We all hear it "everything changes when you become a mom" But what does that actually mean?
There's changes that happens in fatherhood too, but for now we'll focus on moms!
We hear this all the time. From our mothers, grandmothers, aunts, friends, 'friends,' co-workers, social media and the actual media. But what does it actually mean?
I think most women, before becoming mothers, naively think this just means you sleep less, you gain weight, have more stretch marks and perhaps some saggier boobs. And yes some of this can certainly happen but these superficial changes don't change you in the way our mothers mean.
Seeing those two little pink lines is just the kick off, some women may have symptoms before taking the test and some magical unicorn women may have little to no symptoms throughout the duration of their pregnancy, but we all start to imagine the little life growing inside us. With no popping belly we have no reason to cradle our lower bellies yet you'll find newly pregnant moms still doing so, perhaps even staring at the space where they know their child is growing.
Generally speaking moms begin to feel connected to their babies very early on, this is also why women become very upset over early miscarriages. From the outside it may seem like an idea of a baby but for the pregnant women it was very real.
As women progress in their pregnancy there's a TON of physical changes happening to Mom including the shrinking of parts of her brain. For many women when they hears this they laugh (or cry) thinking about the serious brain fog that has settled in, but it's an important part of preparing women to be mother and 'pruning' our brains.
After our babies are born we may feel like we're going crazy because we're forgetting things that used to seem important but now aren't. But inexplicably we are so tuned into our babies that you may think you hear crying before they even start, or smell a poopy diaper from across the house. Our priorities are shifting, our identities are moving from focusing on ourselves and our spouses, to our children. Our legacy. Tiny, vulnearable little babies. Entirely in our care, they don't come with a user manual so we fear we won't do it 'correctly.' Luckily and unluckily there is no right or wrong way to parent. You will figure out your individual child, what works for them and what doesn't.

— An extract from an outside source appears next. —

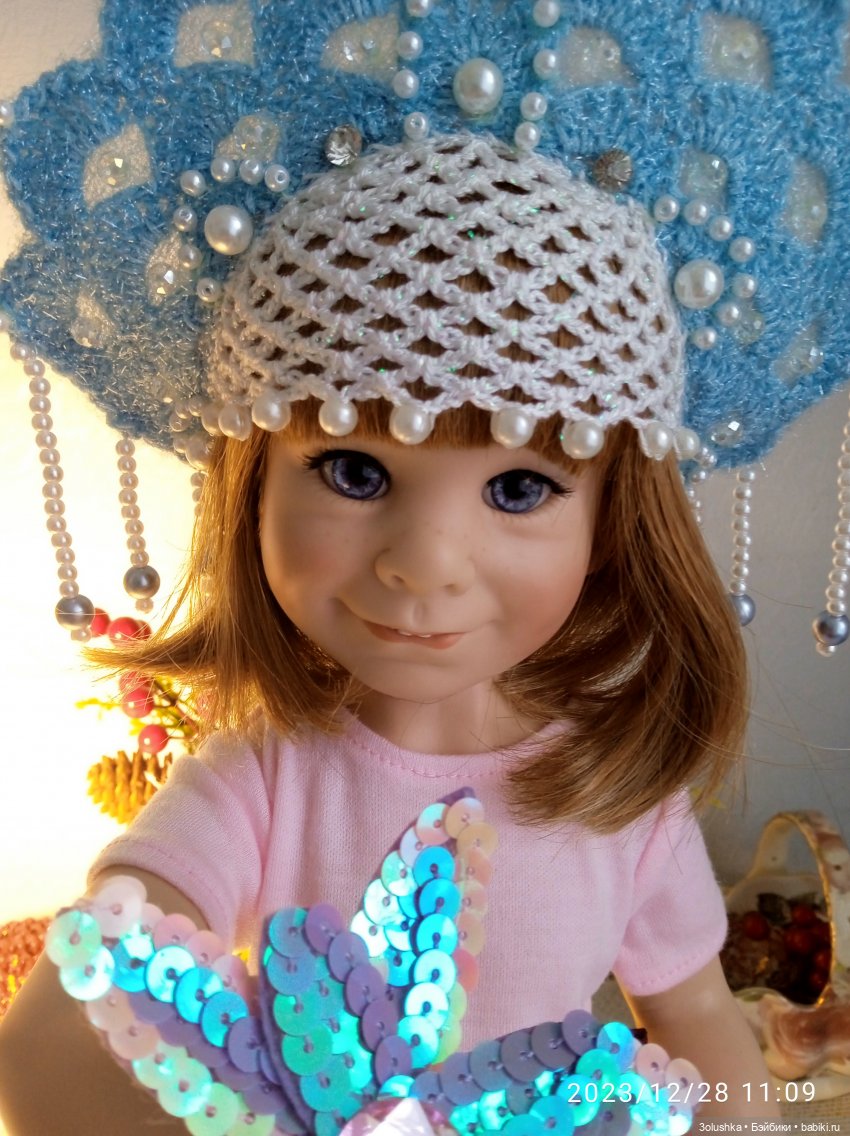 Может потому, что моя соседка, девочка 9-ти лет, Ксюша, один в один эта кукла! И так же улыбается, стеснительно… только волосы светлые. Поэтому, когда нажала кнопку «купить» уже знала, что она будет Ксюшей...😄
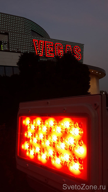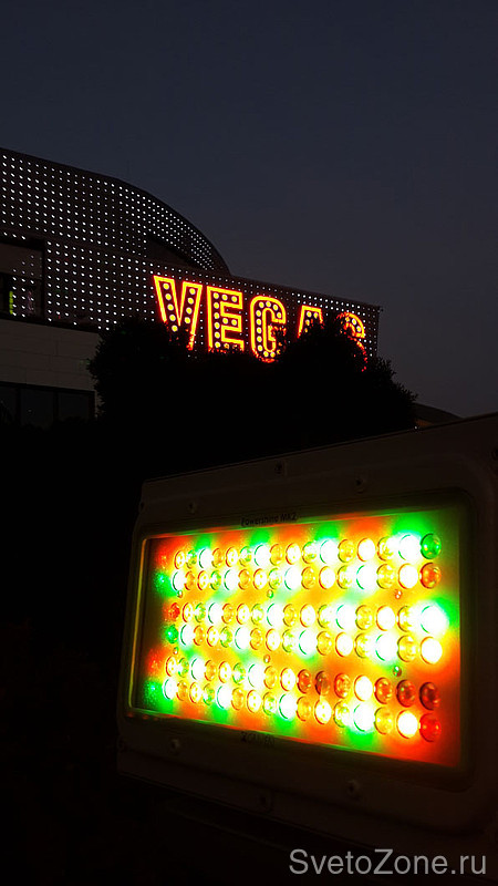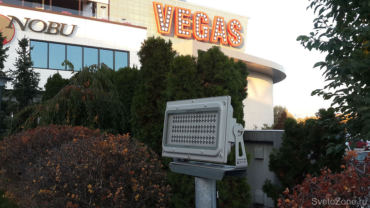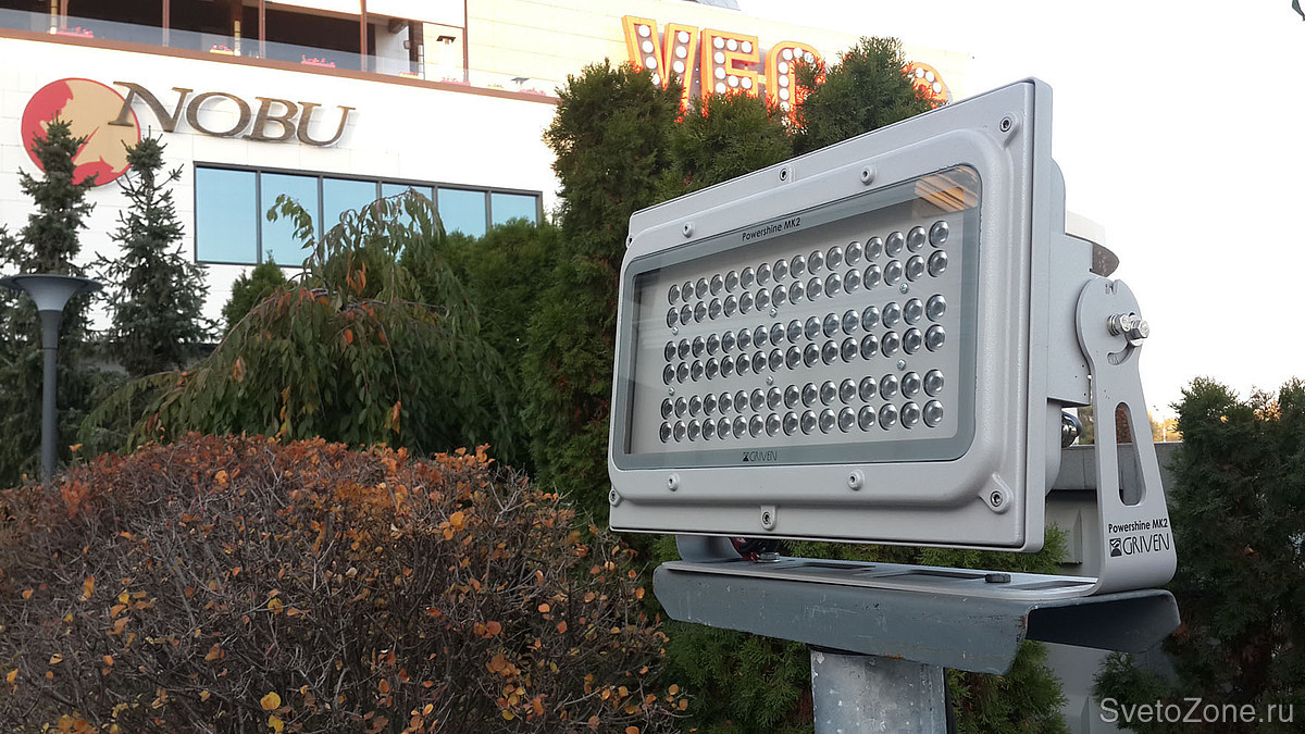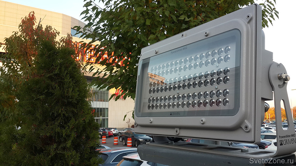 Взамен приборов на металлогалогенных лампах предложено использование светодиодных прожекторов.

As our children grow our sense of perspective continues to shift as you start to think about the world and how your child fits into it. You may find that a true crime lover has lost their taste for it after having a child, unable to bear the idea of somebody hurting someone's else's baby. Apolitical people may seemingly and suddenly become involved in their local government, PTA or neighbor groups to understand how the environment will affect their kids. Friends who may not have children yet can become upset that you're 'changing.' Why can't you just bring the baby? May be something reformed nightowls could hear.
It's okay that you're changing as you grow into motherhood. You're not a different person so much as there is more depth, more facets, more character. You didn't lose yourself so much as you gained a new side of you. And the first time you get the opportunity for a night away with your husband, or a girls trip, you'll have a completely renewed appreciation for an uninterrupted night.